Here is the good, the bad, and the ugly about this announcement (assuming it is authoritative and not something that someone at USCIS gave to AILA without the complete blessing of all the USCIS policy makers and assuming AILA got the answer right and assuming USCIS does not change its mind).

The good is the unequal treatment that is apparent in the San Diego District Office, which routinely denies adjustments of status for visa waiver overstays asserting they are ineligible to adjust status, has ended. USCIS is acknowledging that these type of cases can be adjudicated.

The bad is that the willingness to adjust an alien's status does not extend to visa waiver overstays who Immigration and Customs Enforcement (ICE) has ordered removed before USCIS got to their adjustment application. Successfully adjusting depends on the happenstance of which agency encounters the alien first, or, rather, which agency makes a decision first. Nothing here precludes USCIS from handing a file to ICE before it adjudicates it so ICE can issue a removal order, and then asserting that it now will not adjudicate the adjustment application because there is a removal order.

The ugly is that how to treat visa waiver overstays is clearly a policy issue that involves two agencies, ICE and USCIS. ICE has the authority to order the removal and then remove an alien who has overstayed his or her period of authorized stay on the visa waiver program. USCIS has the authority to adjudicate adjustment of status applications for these people. Instead of a coordinated approach to the policy issues, USCIS has announced its second-fiddle policy, essentially asserting, "We will adjudicate an adjustment of status application only if ICE lets us. If ICE issues a removal order, we will step back, regardless of when ICE issued the removal order." To be clear, all ICE has to do to issue a removal order is make sure the alien is a visa waiver overstay and check a box on a form. (I do not believe the alien even has to be present for an order to be entered or has to be informed of the removal order's being entered, i.e., the box being checked. Thus how does a visa waiver overstay even know if there is a removal order against him or her?)
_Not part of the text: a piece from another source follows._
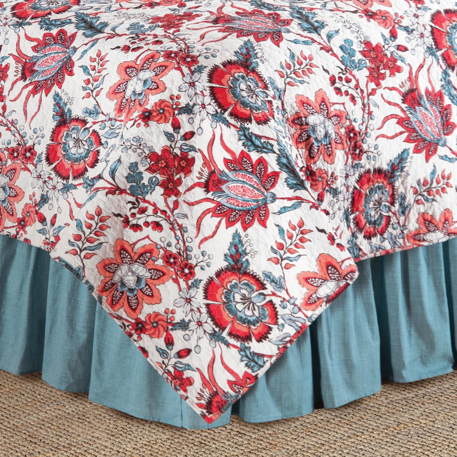 Inspired by an 18th Century imitation of imported Indian chintz as part of C&F Home's Williamsburg collaboration, this design featuring a vibrant floral damask pattern on a white ground is named in honor of Adrienne de Noailles de La Fayette. Adrienne's on-trend colorway of Aegean, Crimson, and Poppy caters to traditional and contemporary styles, alike. Switch to an alternate Aegean linen-look with just the flip of a quilt!

However, our barrister does have a significant point that this blog has been concerned with since the creation of DHS. Instead of two agencies dealing with the border before 9/11, the U.S. Customs Service and the Immigration and Naturalization Service, we now have three agencies dealing with both aliens and goods, USCIS, ICE and CBP. Even worse, CBP is divided into two main offices that deal with aliens, the Office of Field Operations (inspection of arriving aliens) and the U.S. Border Patrol, each with their own agenda and policy, and ICE's Homeland Security Investigations (HSI) and Enforcement and Removal Operations (ERO). None of these agencies coordinate policy or practice and the result is chaos and enriched immigration attorneys:

Ever since INS was broken up, the complexities of immigration policy making have been exacerbated by the fact that different agencies with different philosophies, different interests, and different goals, all with a stake in a given policy, must coordinate. Here USCIS announces that ICE has absolute veto power over USCIS's policy of adjudicating visa waiver adjustments for overstays and ICE is silent on its position on the issue.

Without ICE's being integrated into the policy making process it is impossible to know if it is advisable for a visa waiver overstay to file an adjustment of status application. While USCIS may be willing to adjudicate an application (and we still have to see how USCIS finesses the case law problems), its sister agency, ICE, could be taking out the cuffs and fueling up the jet knowing USCIS will not get in the way. Things are a little better, but there is still a lot to learn.

But in the end, the Regime is responsible for USCIS' lawlessness. It cannot adjust VWP overstays or violators. Those who violate the provisions of the VWP are required to be removed. But Obama is doing the opposite. Why, because he wants more aliens here to vote, even if that is illegal, in 2012.